Average daily VaR was lower during the nine months ended June 30, 2022 compared with the nine months ended June 30, 2021 due to the impact of scenarios of elevated volatility as a result of the COVID-19 pandemic (which commenced in March 2020) on our VaR model during the prior-year period.

The Fed’s MRR requires us to perform daily back-testing procedures for our VaR model, whereby we compare each day’s projected VaR to its regulatory-defined daily trading losses, which exclude fees, commissions, reserves, net interest income and intraday trading. Regulatory-defined daily trading losses are used to evaluate the performance of our VaR model and are not comparable to our actual daily net revenues. Based on these daily “ex ante” versus “ex post” comparisons, we determine whether the number of times that regulatory-defined daily trading losses exceed VaR is consistent with our expectations at a 99% confidence level. During the three and nine months ended June 30, 2022, our regulatory-defined daily losses in our trading portfolios exceeded our predicted VaR on four and nine occasions, respectively, due to the volatility and market uncertainty related to the Fed’s short-term interest rate increases.

Separately, RJF provides additional market risk disclosures to comply with the MRR, including 10-day VaR and 10-day Stressed VaR, which are available on our website at https://www.raymondjames.com/investor-relations/financial-information/filings-and-reports within “Other Reports and Information.”

Banking operations

Our Bank segment maintains an interest-earning asset portfolio that is comprised of cash, C&I loans, commercial and residential real estate loans, REIT loans, tax-exempt loans, and SBL loans, as well as securities held in the available-for-sale securities portfolio, and SBA loan securitizations.  These interest-earning assets are primarily funded by client deposits.  Based on the current asset portfolio, our banking operations are subject to interest rate risk.  We analyze interest rate risk based on forecasted net interest income, which is the net amount of interest received and interest paid, and the net portfolio valuation, both across a range of interest rate scenarios.

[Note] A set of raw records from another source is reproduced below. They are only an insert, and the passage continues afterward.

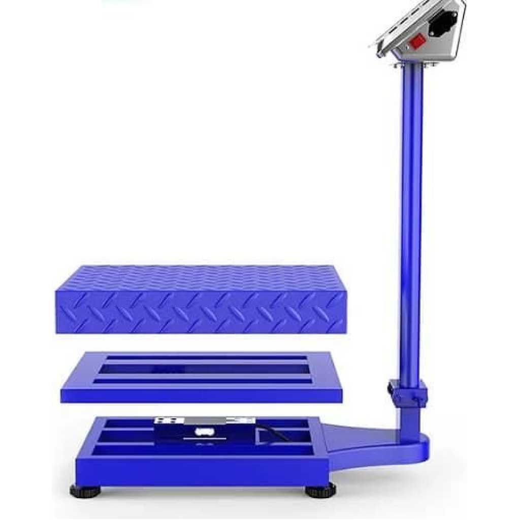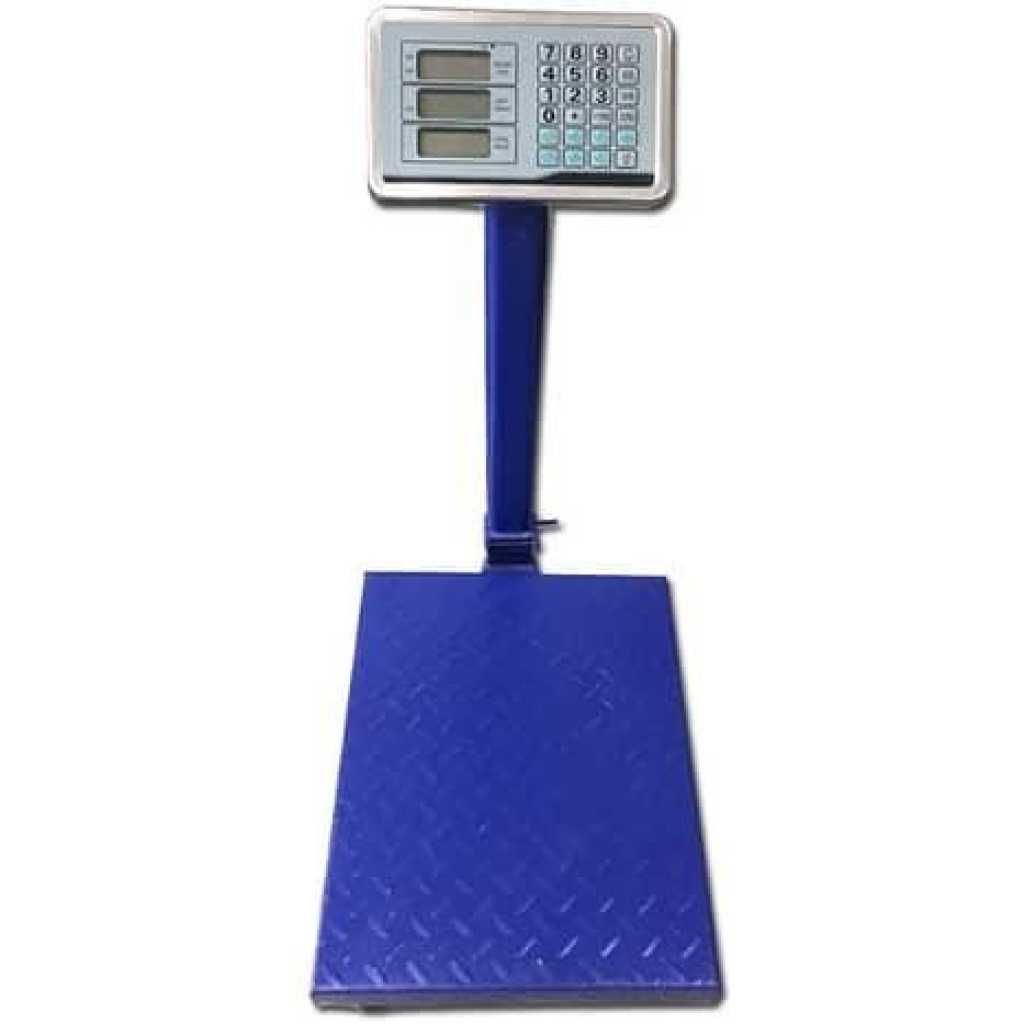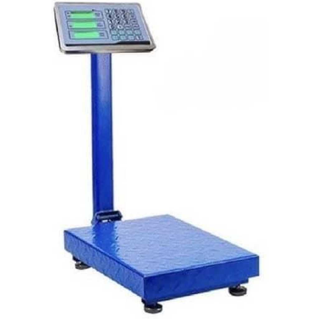 Digital Platform Weighing Scale 150kg- Multi-colours. The industrial bench scale is designed to meet the requirements of manufacturing, agricultural and general weighing applications. Combining fast weighing response time with accurate measurement to suit any weighing application. Ideal as a Factory Scale and Warehouse Scales. Operated by AC power or built-in rechargeable battery. It is ideal for use in environments where power may not be available. Calibration and basic set-up are completed in the factory, so the scale is ready to use right out of the box. Internal battery lasting at least 15 days (depending on usage lasts longer than 30 days) Specifications: – Voltage: 220V – Rating Power: 10VA – Max Weight: 100kg – Min Weight: 2kg What’s in the box 1 xDIGITAL PLATFORM SCALE 150kg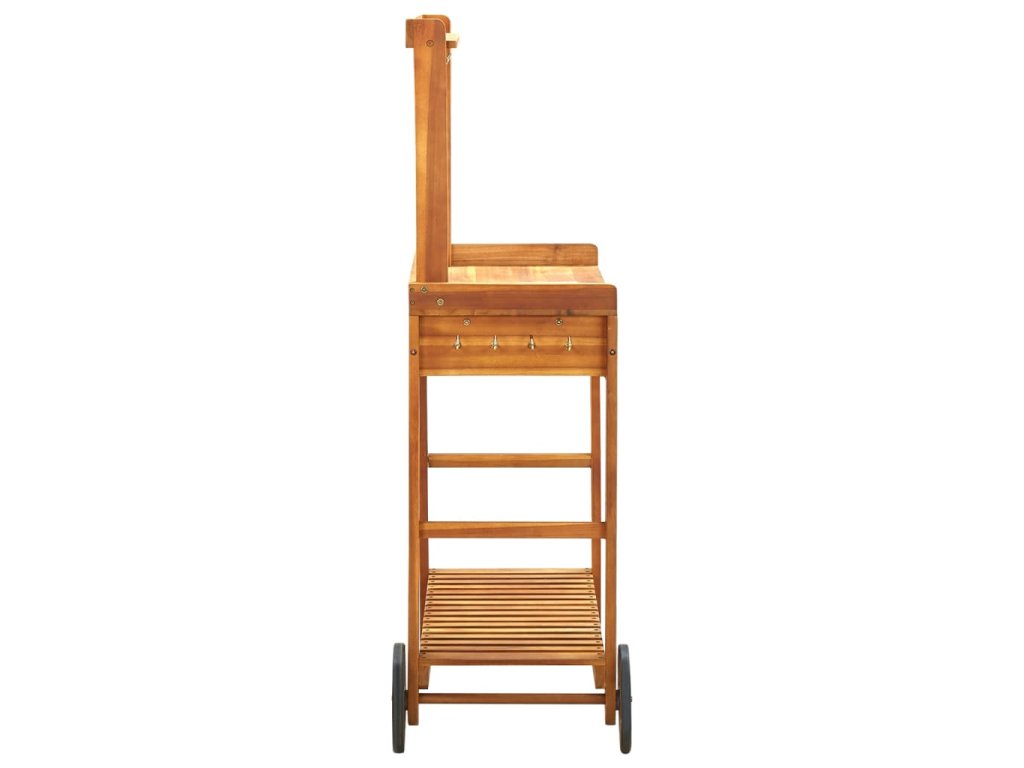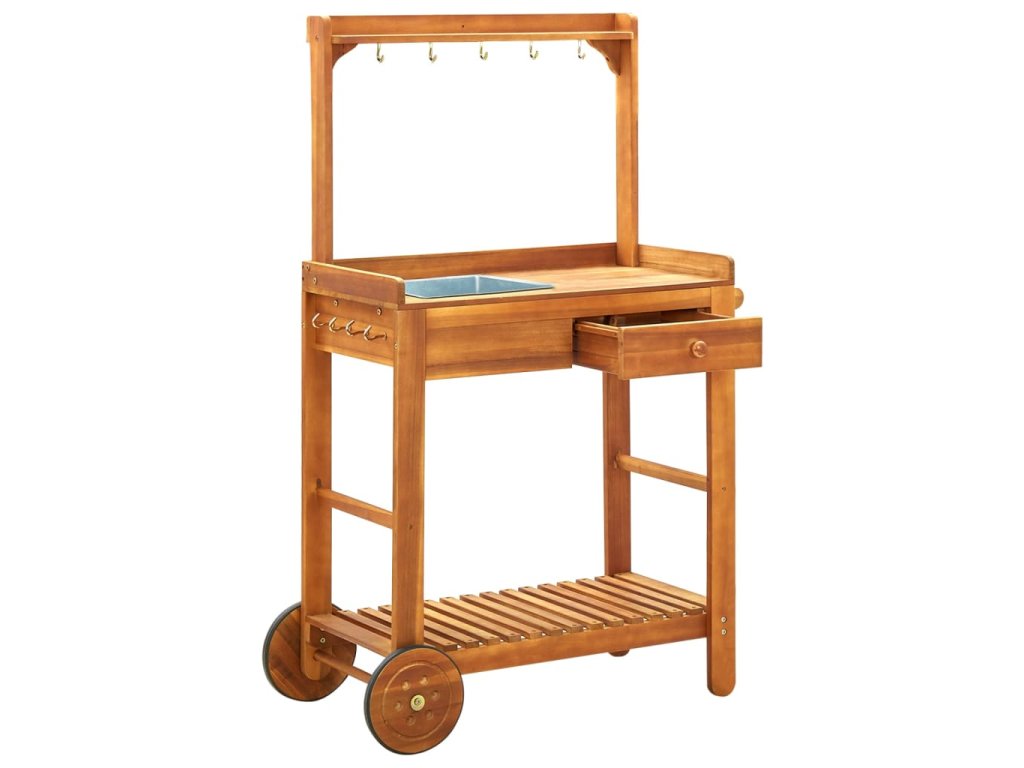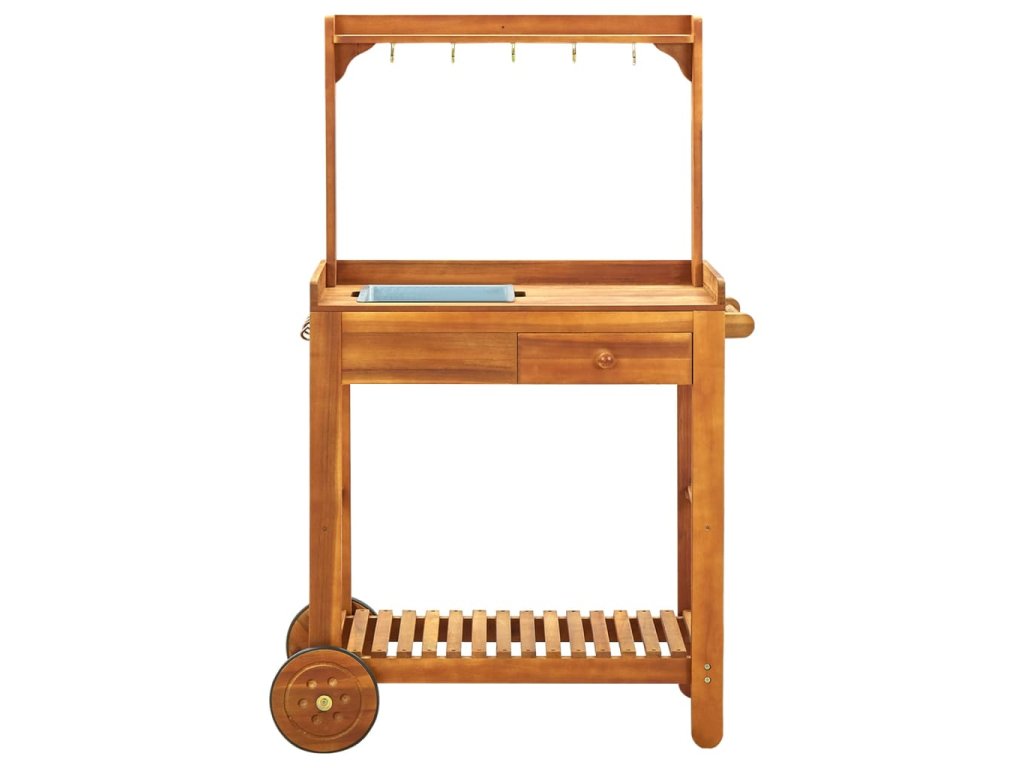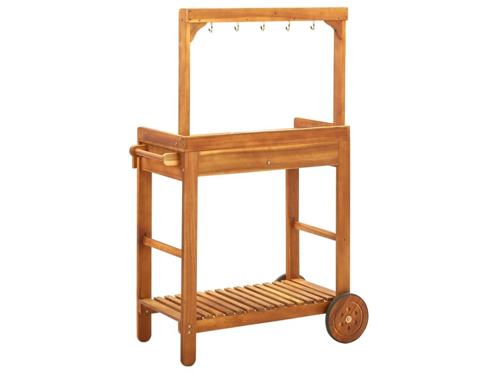 Náš záhradný servírovací vozík z masívneho akáciového dreva vám umožní pripravovať a servírovať jedlo na jeho vrchu. Zároveň je dômyselným skladovacím riešením vďaka zásuvke, poličke a 9 háčikom.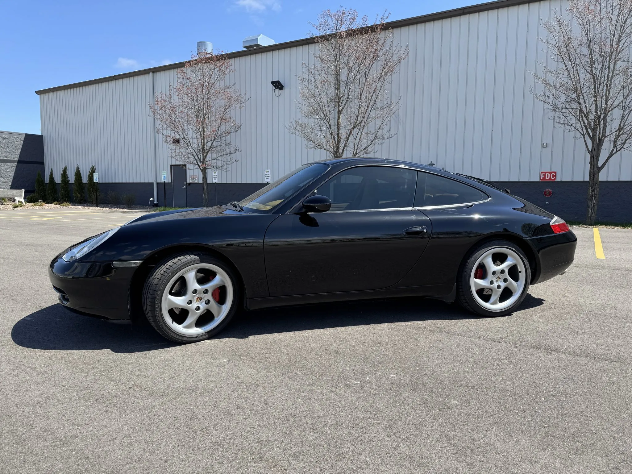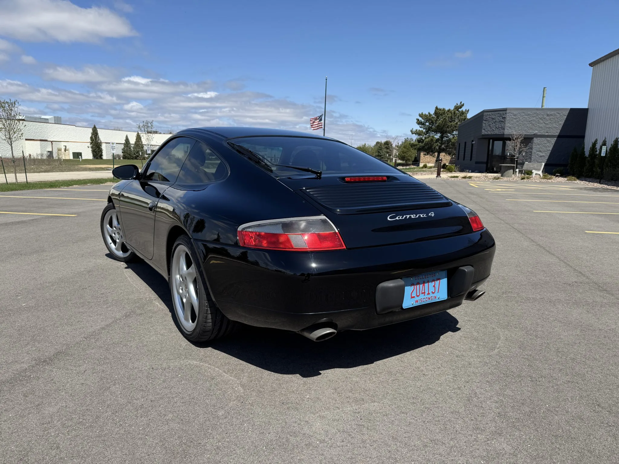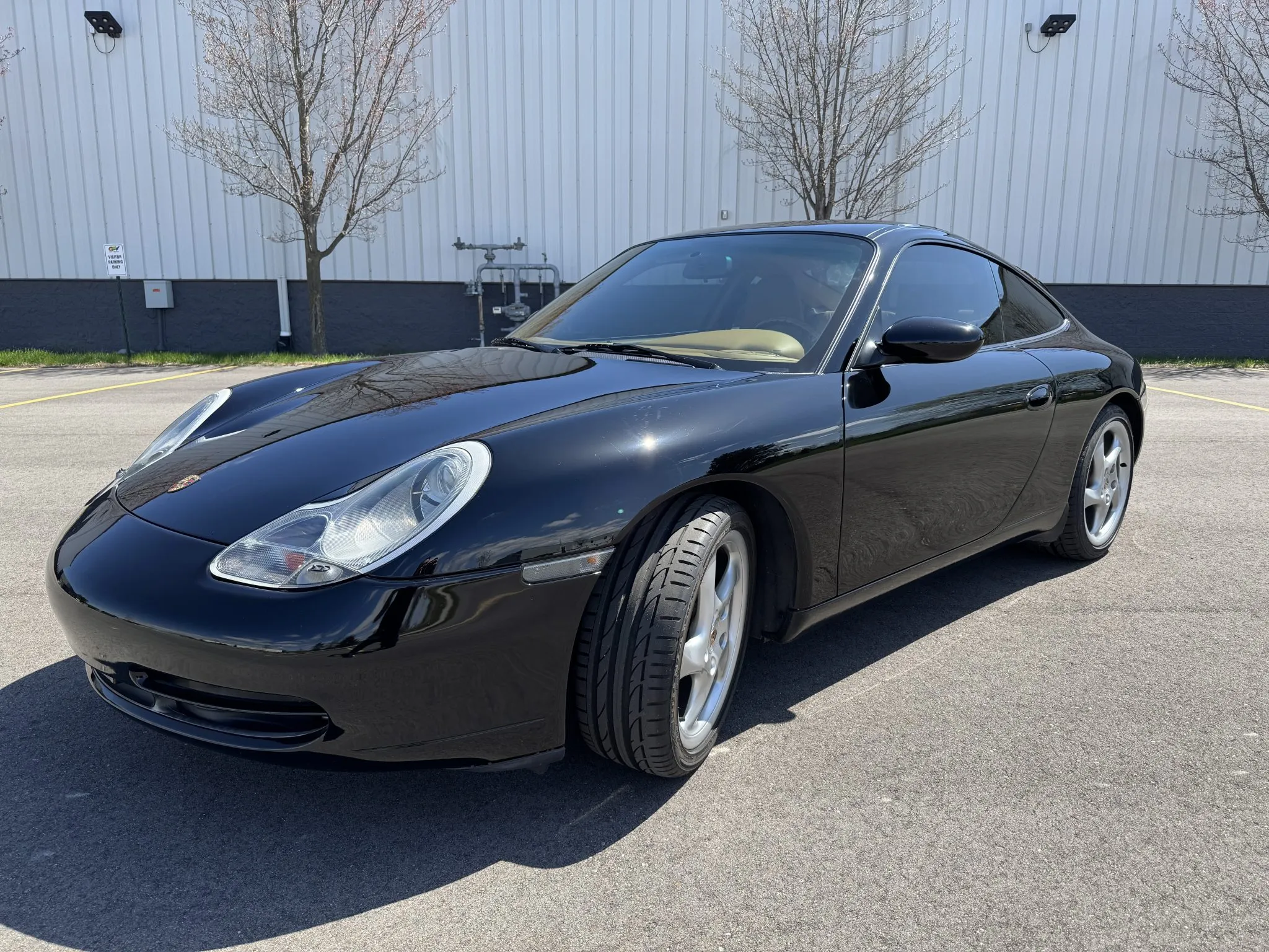 This 2001 Porsche 911 Carrera 4 coupe is finished in black over Savannah Beige leather and is powered by a 3.4-liter M96 flat-six that drives all four wheels through a six-speed manual transaxle.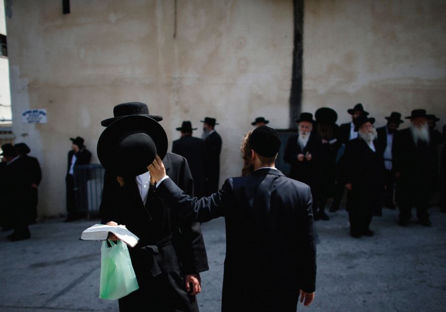 ULTRA-ORTHODOX MEN participate in a 2014 protest outside an IDF recruiting office in Jerusalem

One of the objectives of the Asset and Liability Committee is to manage the sensitivity of net interest income to changes in market interest rates. This committee uses several measures to monitor and limit interest rate risk in our banking operations, including scenario analysis and economic value of equity. The methods used to measure this sensitivity are described in “Item 7 - Management’s Discussion and Analysis of Financial Condition and Results of Operations - Risk management - Market risk” of our 2021 Form 10-K. We utilize a hedging strategy using interest rate swaps in our banking operations as a result of our asset and liability management process. For further information regarding this hedging strategy, see Note 2 of the Notes to Consolidated Financial Statements of our 2021 Form 10-K and Note 15 of the Notes to Condensed Consolidated Financial Statements of this Form 10-Q.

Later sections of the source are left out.